Leave out any picture and return the remaining listing below exactly as given.

-- DATA EXCERPT follows --

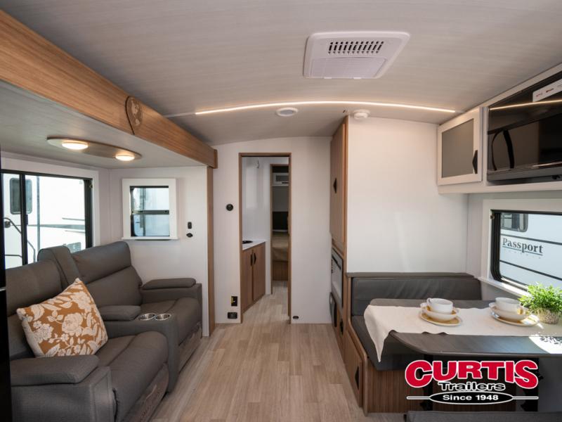 With any Keystone Passport Super Lite travel trailer you will enjoy lightweight towing and lots of interior comforts! The power tongue jack lets you hitch up at the drop of a hat, and the Dexter torsion axle rubber ride suspension will make towing easier than ever. You will appreciate having power stabilizer jacks for quick setup and an exterior convenience center to monitor tank levels. These trailers are constructed with a seamless, laminated and gel-coated filon exterior, 80% tinted safety glass windows, and a one-piece polypropylene underbelly. The interior will have you feeling right at home with residential durable Beauflor vinyl flooring, deluxe night shades, LED lighting throughout, and seamless kitchen countertops to name a few comforts.
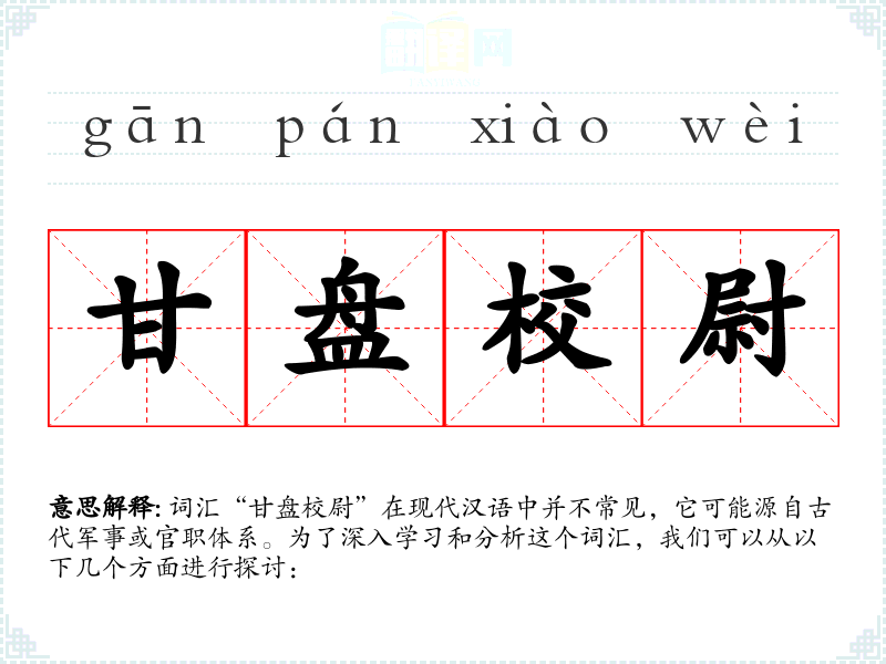 词汇“甘盘校尉”在现代汉语中并不常见,它可能源自古代军事或官职体系。为了深入学*和分析这个词汇,我们可以从以下几个方面进行探讨:
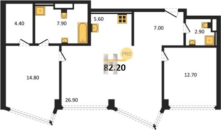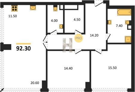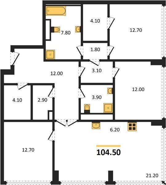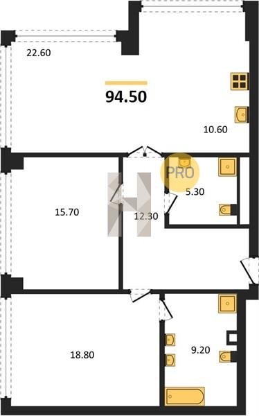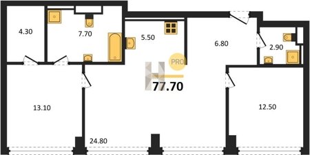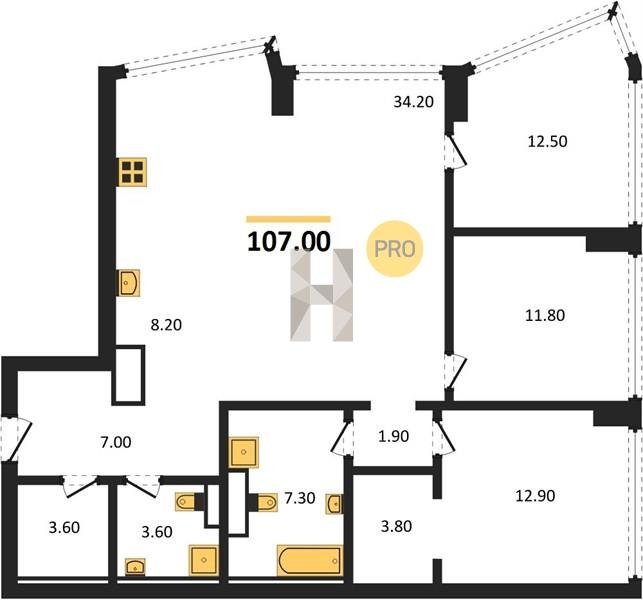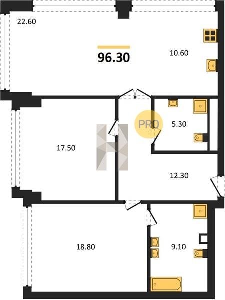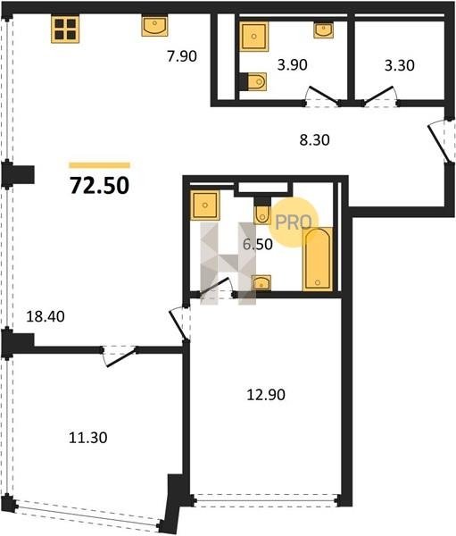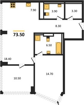Надежные и безукоризненно ровные полы обеспечивают монолитная железобетонная плита толщиной 200 мм, слой двухсоставного шумоизоляционного материала и цементно-песчаная стяжка по всей площади квартиры. В помещениях установлены разные уровни — на случай, если вы захотите положить паркет в жилых помещениях и сделать тёплый пол в ванных комнатах.

-- DATA EXCERPT concluded --

→ **RESPONSE**:
 With any Keystone Passport Super Lite travel trailer you will enjoy lightweight towing and lots of interior comforts! The power tongue jack lets you hitch up at the drop of a hat, and the Dexter torsion axle rubber ride suspension will make towing easier than ever. You will appreciate having power stabilizer jacks for quick setup and an exterior convenience center to monitor tank levels. These trailers are constructed with a seamless, laminated and gel-coated filon exterior, 80% tinted safety glass windows, and a one-piece polypropylene underbelly. The interior will have you feeling right at home with residential durable Beauflor vinyl flooring, deluxe night shades, LED lighting throughout, and seamless kitchen countertops to name a few comforts.
 词汇“甘盘校尉”在现代汉语中并不常见,它可能源自古代军事或官职体系。为了深入学*和分析这个词汇,我们可以从以下几个方面进行探讨:
Надежные и безукоризненно ровные полы обеспечивают монолитная железобетонная плита толщиной 200 мм, слой двухсоставного шумоизоляционного материала и цементно-песчаная стяжка по всей площади квартиры. В помещениях установлены разные уровни — на случай, если вы захотите положить паркет в жилых помещениях и сделать тёплый пол в ванных комнатах.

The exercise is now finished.